Black Lips
“GOOD BAD NOT EVIL”
Comment mesure-t-on l’importance historique d’un groupe ? Est-ce par le nombre de Zéniths remplis ou par le nombre de personnes qu’il a inspiré à prendre une guitare et à monter sur scène ? Si l’on quantifie le nombre de ses suiveurs, clones et enfants illégitimes, les Black Lips sont indiscutablement un groupe majeur. Souvenons-nous du début de siècle : le fantasmagorique retourdu rock qui avait porté Strokes et White Stripes au pinacle était déjà bien consommé moins de cinq ans après son avènement, mort avant même d’avoir le temps d’exister, faute de héros durables (qui se souvient de Craig Nicholls ?).
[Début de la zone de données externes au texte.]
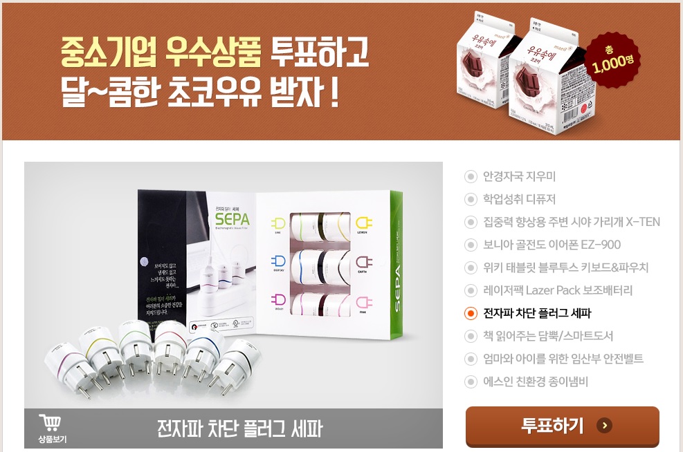 [G마켓] 중소기업 우수상품 투표하고 초코우유 받자 (1,000명) > 이벤트게시판

Dans ce marasme, un groupe de rednecks turbulents venus d’Atlanta et semblant sortis tous droit d’une obscure compilation garage des années 60 allait devenir les improbables sauveurs de l’affaire. Des sales gosses porteurs d’un style de vie dissolu, chaotiques sur scène, à peine compétents avec leurs instruments mais d’une érudition rare sur le sujet du rock garage et aussi hilarants qu’irrésistibles. Les Black Lips ont ramené l’enthousiasme, l’amateurisme éclairé et surtout le fun dans un genre qui en manquait terriblement. Ne manquait plus que les tubes, et “Good Bad Not Evil” — une référence aux Shangri-Las — en regorge : “Katrina”, doigt dressé vers l’ouragan du même nom dont le riff est un des plus marquants des 15 dernières années, “Bad Kids”, ballade country braillarde devenue emblématique du groupe et surtout “Cold Hands”, incarnation même de ce qui fait tout le sel des Black Lips : rythmique beat sautillante, guitares déglinguées, mélodie marquante et texte étonnamment spirituel. Autour de cette trinité qui demeure la base de leurs concerts — véritables exutoires où tout est possible —, l’album propose quelques scies garage teintées de psychédélisme louche (“Lean”, “Lock And Key”, “Step Right Up”) et possède une étonnante couleur country (“Navajo”, “How Do You Tell A Child Someone Has Died”) qui lui donne une luminosité bienvenue. Pour la jeunesse de 2007, les Black Lips sont ainsi devenus l’incarnation d’un fantasme — un véritable groupe Nuggets en chair et en os —, des modèles qui ont engendré des centaines de groupes, et aujourd’hui des rebelles décadents avec qui l’aristocratie du rock — Mark Ronson, Sean Lennon — aime s’encanailler.